Еще раньше я полюбил американские трофейные фильмы. За ощущение тождества усилий и результата. За идею превосходящего меньшинства. За гениальное однообразие четко вылепленных моделей.
Затем я полюбил джаз шестидесятых годов, сдержанный и надломленный. Полюбил его за непосредственность. За убедительное, чуждое ханжеству возрождение соборных переживаний. За прозорливость к шансам гадкого утенка. За глубокий, выстраданный оптимизм…
У меня появились знакомые американцы. Я любил независимость их поведения, элегантную небрежность манер. Я любил их пренебрежение к условным нормам. Прямоту и однозначность в разговоре. Мне нравились даже их узковатые пиджаки…
Наконец я приехал. Пытаюсь разобраться в этой жизни. Что-то делать, предпринимать…
Увы, мои прогнозы оказались верными. Вот что я уяснил:
Положение русского литератора на Западе можно считать двойственным. Обстоятельства его жизни необычайно выигрышны. И наряду с этим — весьма плачевны.
Начнем с плохого. Рядового автора литература прокормить не может.

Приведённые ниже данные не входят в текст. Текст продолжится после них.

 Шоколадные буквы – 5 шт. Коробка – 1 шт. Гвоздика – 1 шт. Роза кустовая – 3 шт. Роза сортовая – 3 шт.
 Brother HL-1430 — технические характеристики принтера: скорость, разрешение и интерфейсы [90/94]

Писатели работают сторожами, официантами, лифтерами, водителями такси.
В Америке серьезной литературой занимаются те, кто испытывает в этом настоятельную духовную потребность.

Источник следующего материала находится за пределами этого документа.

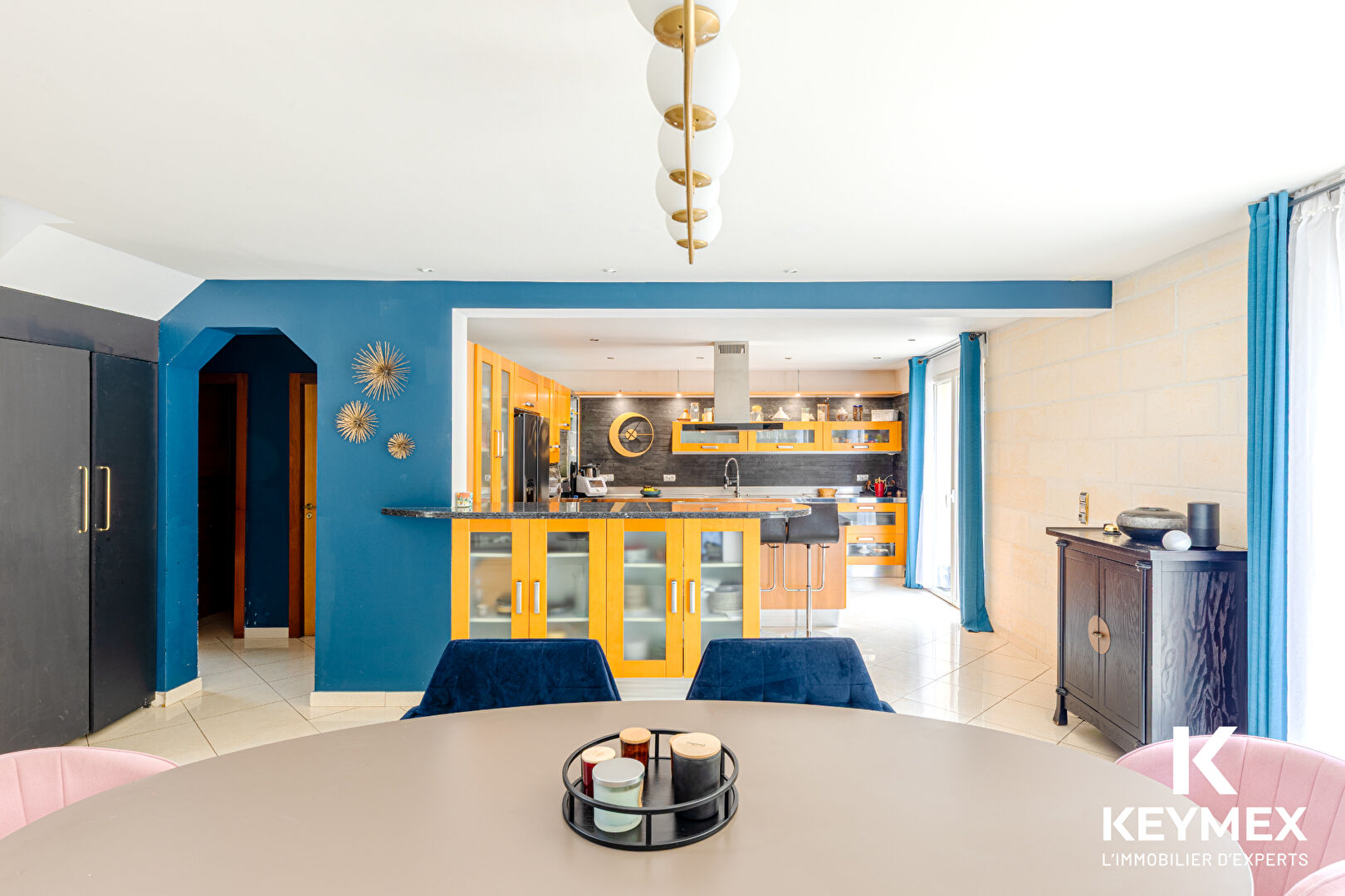 Elle propose un superbe espace de vie de plus de 100 m² avec plafond cathédrale et une cuisine aménagée et équipée ouverte, idéal pour partager des moments conviviaux.
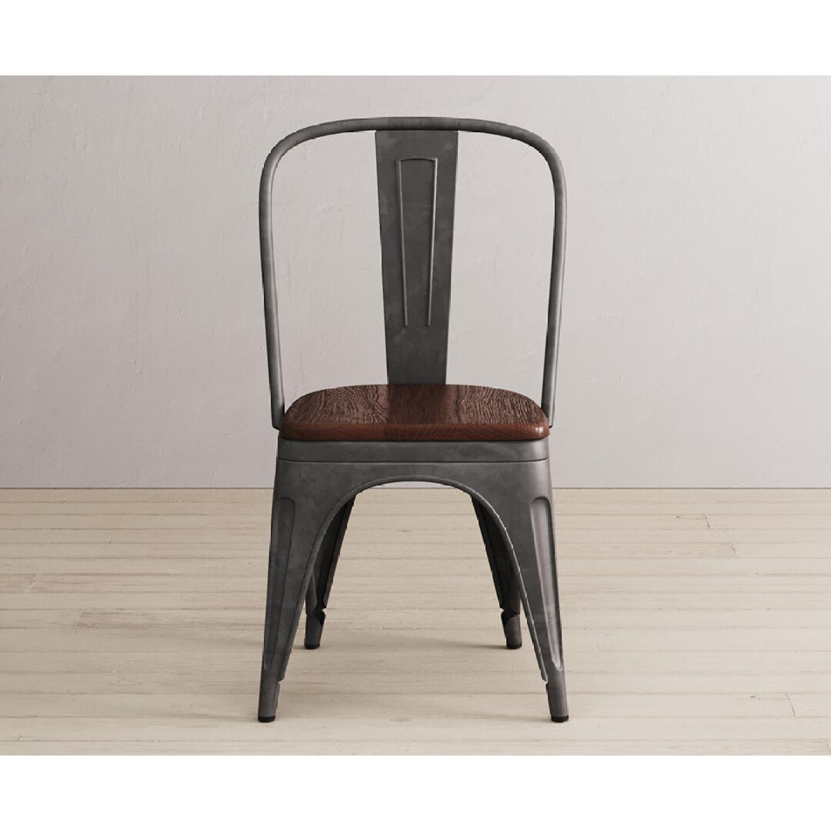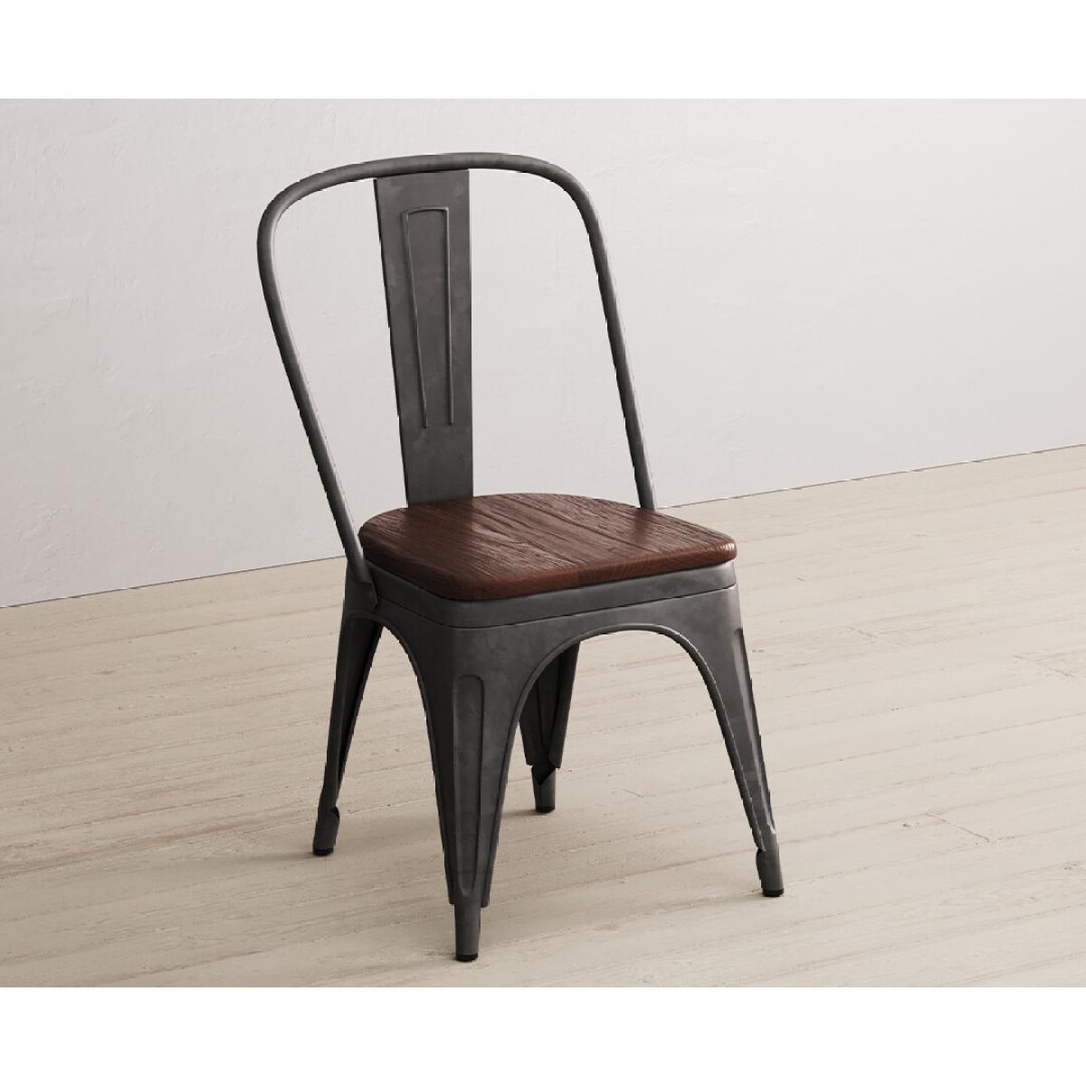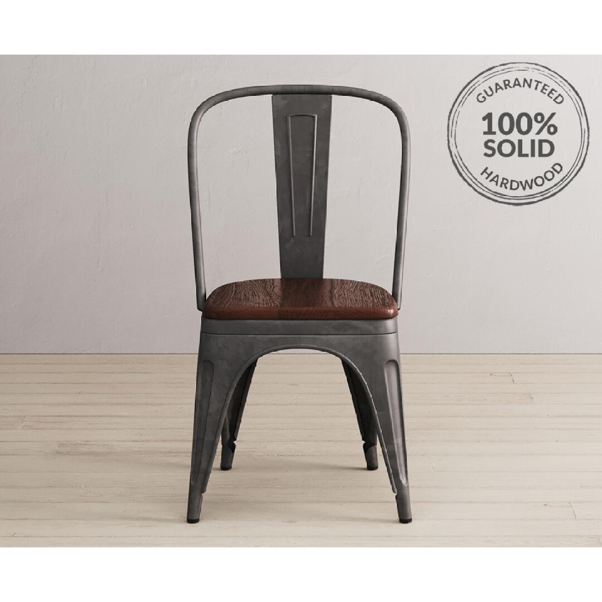 The Dakota Dark Acacia and Metal Dining Chairs feature sturdy and sleek metal frames with a cut out design and solid oak seats.
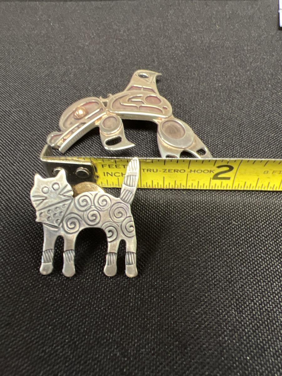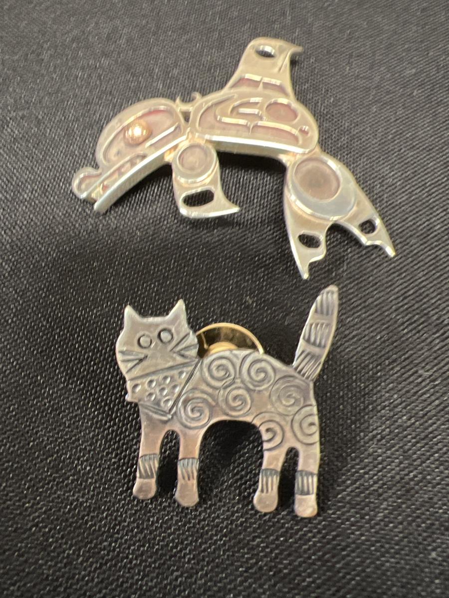 Lot includes a cat pin marked 925, cat earrings also marked 925, gold colored mouse pin, ceramic cat pin, two metal cat buttons and a silver colored dolphin-shaped pendant. All sales are final. No returns or refunds. Please bid accordingly.
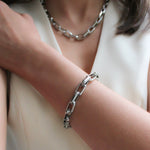 Crafted from polished stainless steel, its geometric link design adds structure and sophistication to your jewellery stack.
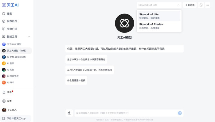 「天工大模型4.0」o1 版和 4o 版正式上线
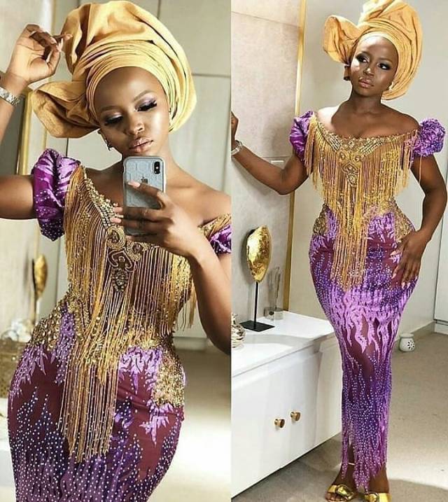 While many figure that Aso Ebi with periphery will blur soon, it is as yet coming out better. You can involve the edges in adorning your neck area. You can make this outfit long or short, contingent upon your inclination.
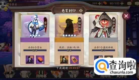 阴阳师悬赏封印任务中,玩家可能会随机刷到神秘妖怪榜单,玩家只能根据系统提供的线索和事件描述来判断要击杀的怪物,其中雨女的线索就是泪珠、雨、伞。

Литература также не является здесь престижной областью. Действительно, в Москве или Ленинграде писатель считается необычайно уважаемой фигурой. Удостоверение Союза писателей распахивает любые двери. Дружбой с писателями щеголяют маршалы и киноактеры, хоккеисты и звезды эстрады, работники ЦК и гении валютных операций.
Здесь рядовой писатель совершенно не выделяется. Сферы бизнеса, медицины, инженерии, юриспруденции — куда престижнее. Литератора здесь ценит довольно узкий круг читателей.
Дома можно, разговаривая с незнакомой барышней, выдавать себя за приятеля Евтушенко. Здесь такой прием малоэффективен.
Дома нас страшно угнетала идеологическая конъюнктура. В Америке тоже есть конъюнктура — рынка, спроса. Это тоже очень неприятно.
И все-таки я предпочитаю здешнюю конъюнктуру. Ведь понятия «талантливая книга» — «рентабельная книга» хоть изредка, но совпадают. Разумеется, не всегда. И даже не часто. Скажем, в трех из десяти.
Понятия же «талантливая книга» — «идеологически выдержанная книга» не совпадают никогда. Нигде. Ни при каких обстоятельствах.
Здешняя конъюнктура оставляет писателю шанс, надежду, иллюзию. Идеологическая конъюнктура — это трибунал. Это верная гибель. И никаких иллюзий!..
Мы поселились в Америке. Приготовились к борьбе за существование. Все мои друзья твердили:
— Если надо, буду мыть посуду в ресторане. Жизнь заставит — пойду таскать мешки. Поступлю на курсы ювелиров или автомехаников. На худой конец сяду за баранку…
Я сам все это говорил. И что же? Многие ли из нас уплотнили собой ряды американского пролетариата?
Лично я таких не знаю. У кого-то грант. Кому-то жена умная попалась. Кто-то преподает. Кто-то стал государственным паразитом.
К тому же, напоминаю, я говорю о средних писателях. Не об Аксенове, Войновиче или Синявском. Я говорю о тех, кто не имел признания в Союзе. Да и здесь пока что его лишен.